If you were really in battle, you would be communicating information and tactics to your teammates even if you aren't the leader. You should be able to tell: an Engineer where to place his landmine, someone to buff someone else, which areas to hold for a push, where immediate help is needed, who should do an objective, or someone to switch their class. What I'm talking about is player-created (ex: put your turret here) and player-assigned (ex: you escort the hostage, you capture a command post) objectives. Brink's Squad Commander isn't very helpful when he's yelling at you to capture a command post when you are seconds away from losing your main objective.
How would this work in practice? It'd be a section on the Objective Wheel called the Command Wheel that allows you to access squad commands.
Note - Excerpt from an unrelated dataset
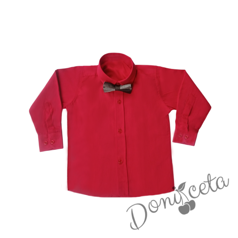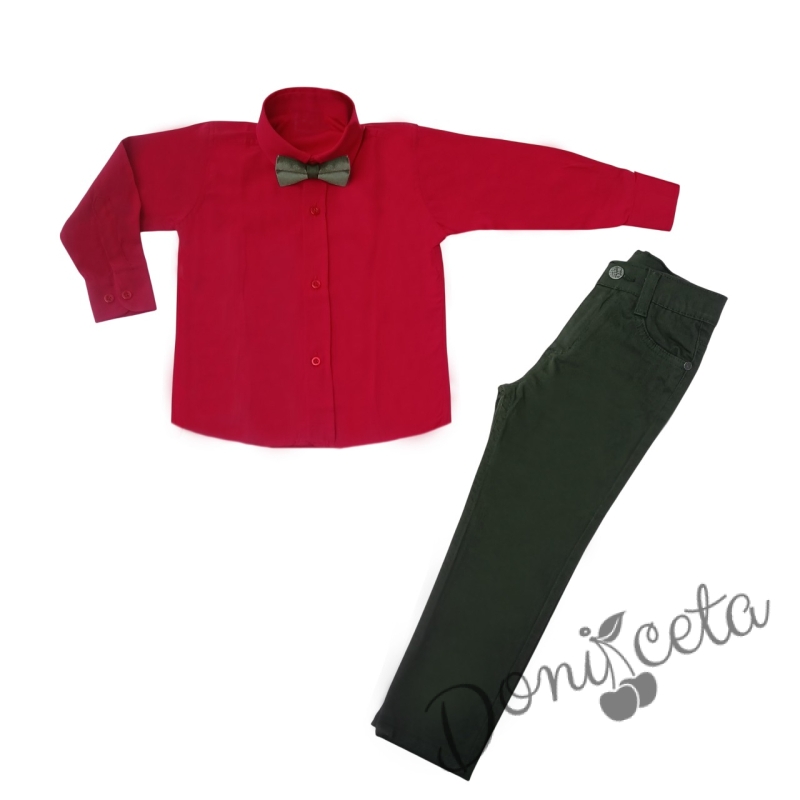 Представяме Ви нашия елегантен и стилен празничен комплект за момче от 3 части- риза в червено, панталони в зелено и папийонка.
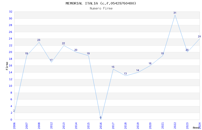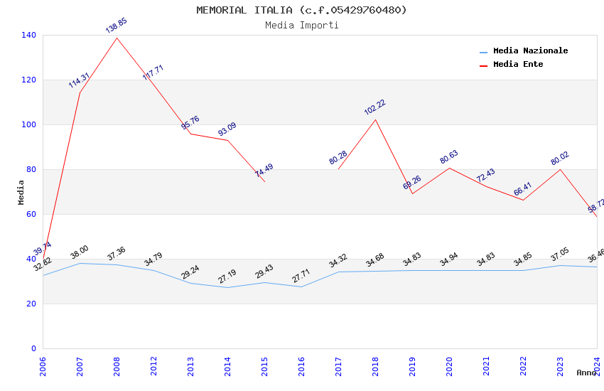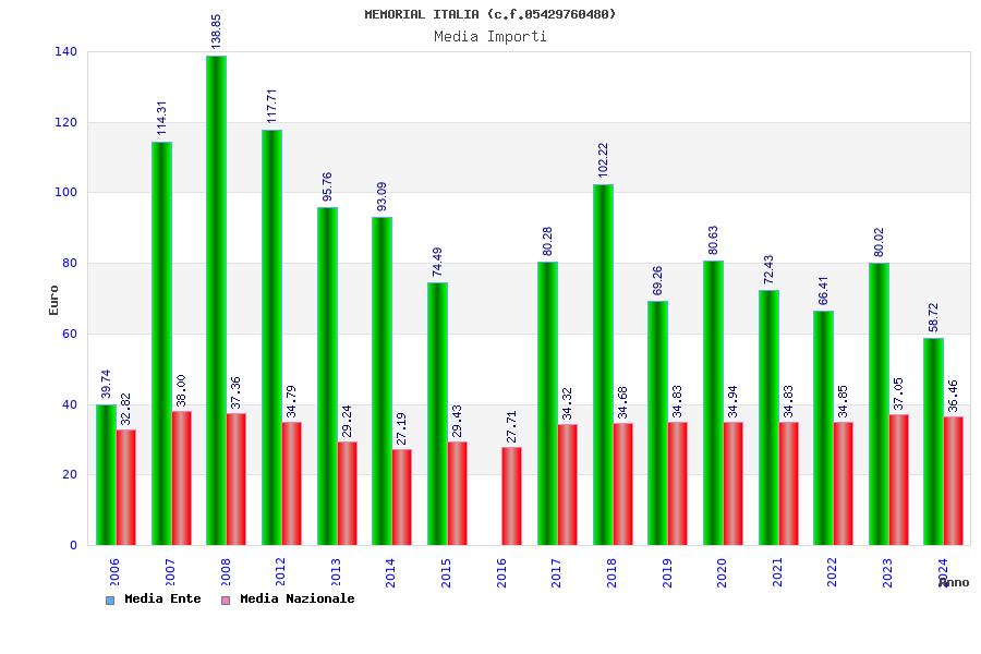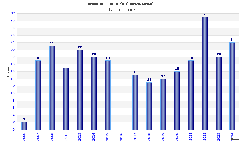 | Anno | Firme | Importi | Media | Naz. | Reg. | Prov. | Comu. |

It would be similar to Mass Effect 2's squad command. Your squad's AI in the game wasn't great, but you could least tell them what to do and they'd do it (see http://www.youtube.com/watch?v=9fxe9Q2BQnM#t=1m04s from 1:04 - 2:18). That control over your support proved crucial to the game experience. You could tell a teammate to go to a certain location by looking at it, hitting a button, and they would go there (see http://www.youtube.com/watch?v=o7ZMq-PZFwU#t=1m09s from 1:09 - 1:46), allowing you to coordinate all efforts not just the high-level ones. The same holds true for human teammates. "Go to the left side" doesn't quite work as well as a distance indicator on all your teammates screens that shows exactly where you're talking about.
The fine details of logistics are a separate question. For example, I think a human should be able to order an AI teammate to do something but only suggest a human teammate do something, but that is all up for debate and I won't pretend to know exactly how this would best work.
What do you think of this (admittedly rough) idea? How would you improve it?